(Records to use)
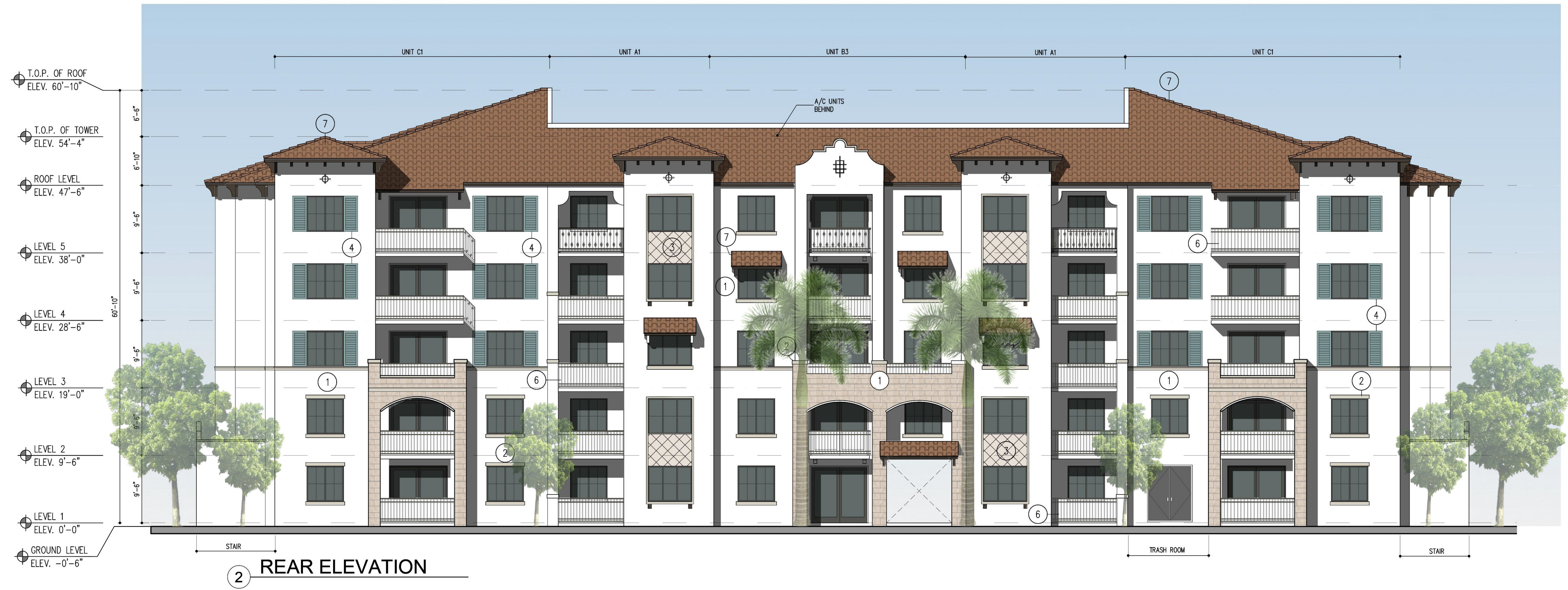
2 REAR ELEVATION
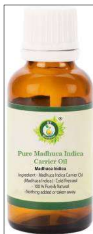
Fig 3: Madhuca indica carrier oil

Oil extracted from the seeds of the Mahua plant is applied over the area affected with skin diseases and body pain. Oil is available in the market under different brands (Fig. 3). Nasal administration of the fresh juice of the flowers of Mahua is used in diseases of vitiated pitta dosha like headache, burning sensation of the eyes etc. Dried flowers of Mahua is boiled in milk and administered in a dose of 40-50 ml to treat weakness of the nerves and diseases of the neuromuscular system. Decoction prepared from the bark of the tree is given in dose of 30-40 ml to treat Irritable bowel syndrome and diarrhea. Fresh juice of the flowers is given in a dose of 20-25 ml to treat hypertension, hiccups and dry cough [41] .
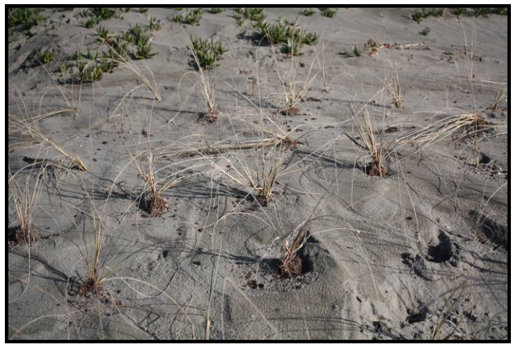
Despite a dense planting pattern and ensuring seedlings were planted into deep pits, a decrease in sand levels within weeks of planting can expose root systems of newly planted sand binders. Planting sites are monitored carefully so that seedlings can be replanted.
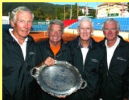
Canada, Jack Crawford Cup Champions for the last three years

Further details, including a list of participating teams, can be found at www.itftennis.com/vets .
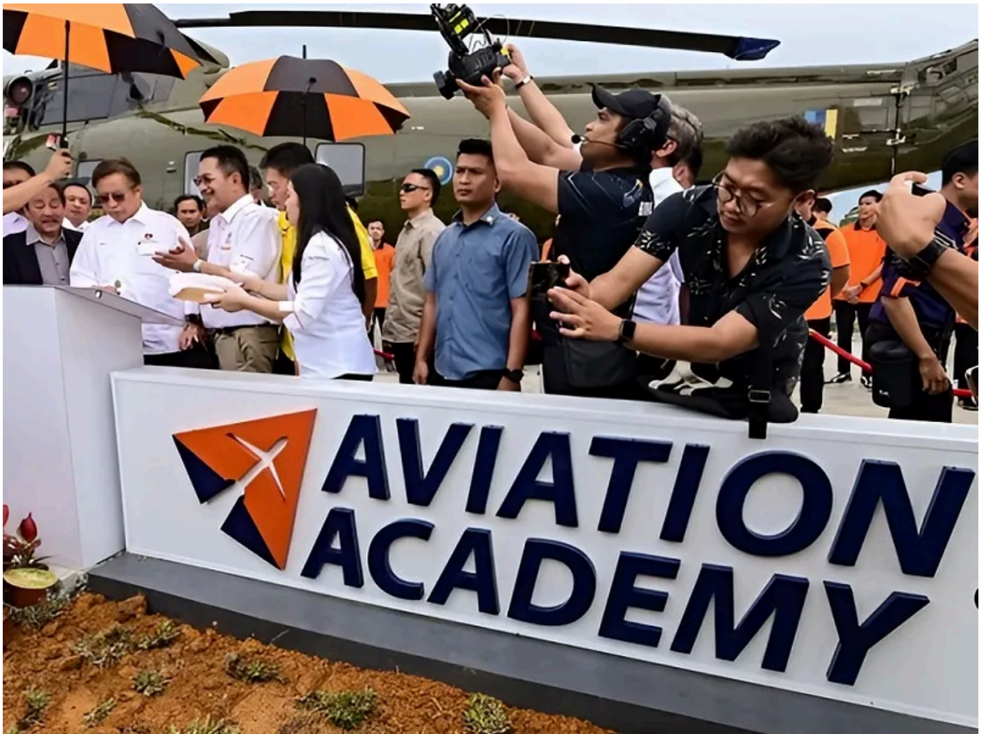
New Cabin Crew Training Course to Launch in Malaysia
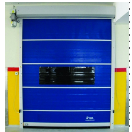
High Speed Door for Warehouses

High speed cleanroom doors are ideal to build airlocks. Their flexible PVC door curtain resists to pressure differences and keeps your cleanroom in under or overpressure. Cleanroom doors have an aesthetical and slim design. They require little space and can easily be installed in tight places.
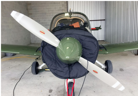
Scottish Aviation Bulldog Insulated Engine Cover

This cover type is made from Silver Acrylic Sunbrella canvas and is 100% lined with a soft and smooth microfiber. Bruce's Custom Covers developed this material combination especially for aircraft protection. The outer material is medium weight and treated for water resistance, UV resistance and anti-static buildup. The inner lining is a very soft and smooth microfiber to prevent scratching. The material is very reflective, and tests show that the cabin interior temperature can be reduced to near-ambient temperature on the hottest of days. It is water, ice and snow repellent, yet breathable to allow moisture to escape from between the cover and the aircraft surface.
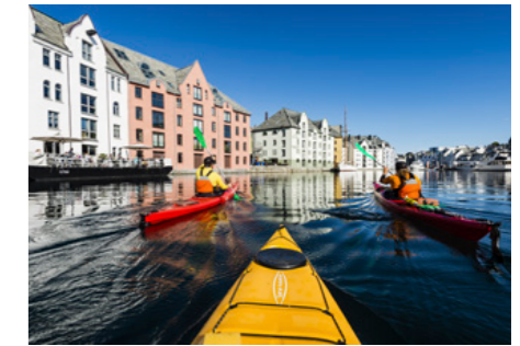
Kayaking in Ålesund.

A factory outlet steeped in history to inspire our guests as they shop, visit our artists, or try other activities.
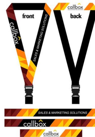
Sample Conference Lanyards (final product may vary)
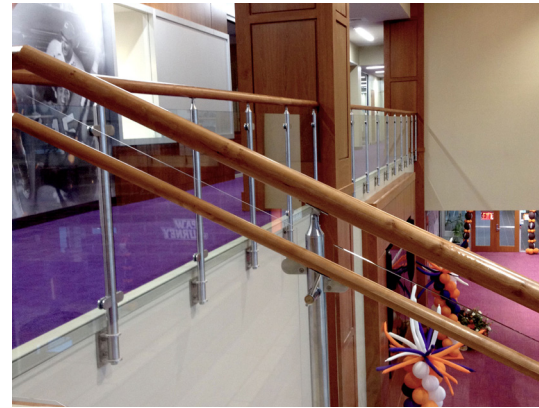
Sleek fascia mounted Monaco glass railing with wood top cap overlooks main lobby.

(Your task)
With the pictures omitted, set down each line exactly, starting at the first line of the records above and ending with the line that contains "Fig 3: Madhuca indica carrier oil".

(Response)
2 REAR ELEVATION
Fig 3: Madhuca indica carrier oil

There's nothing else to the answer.